The black mamba is one of the most dangerous snakes in the world.
The black mamba is not actually black. They can be olive, khaki, brown or grey. The hatchlings are lighter in colour, commonly light green, but arenít light enough to be confused with the green mamba. Their underside is cream coloured, sometimes mixed with green or yellow. Dark patches and blotches may dot the back half of the body and some may have alternating black and white scales near the rear looking like bars. They are usually 2 to 3 metres in length, and the average length is 2.2 to 2.7 metres, although there have been reports of them being as big as 4.3 to 4.5 metres.

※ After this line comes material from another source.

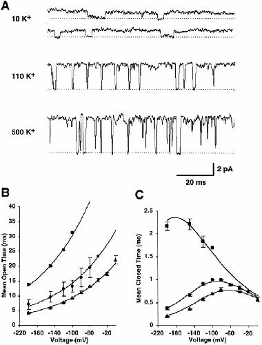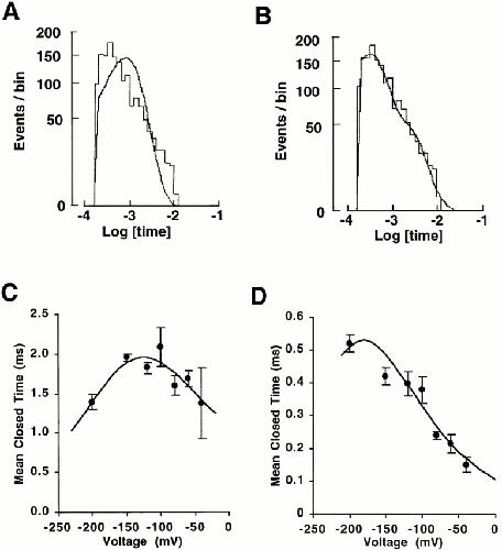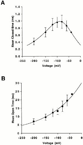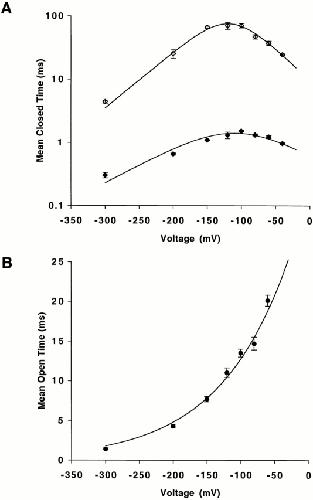 Figure 6. Voltage dependence of mean closed and open time

Reproduction and development
They mate during the spring. The eggs then hatch in midsummer. After mating they will separate. The female lays 6 to 17 eggs after 2 to 3 months which then hatch in another 2 to 3 months. The female lays the eggs and leaves as soon as they are born. The young can fend for themselves due to fully formed poison glands. They develop to adulthood in 80 to 90 days and can live for 11 years.
The black mamba is secretive and shy. They do not wish to be confronted but will attack if they are. They will strike continuously. They usually bask in the sun and will return to a favourite sunny spot. They are very good at climbing trees and can also move very quickly. They prefer to flee from danger.
Food habits and predators
They will usually feed on rodents, squirrels, birds and other small mammals. They are attacked by humans, birds of prey, crocodiles, large frogs, mongooses, foxes and jackals.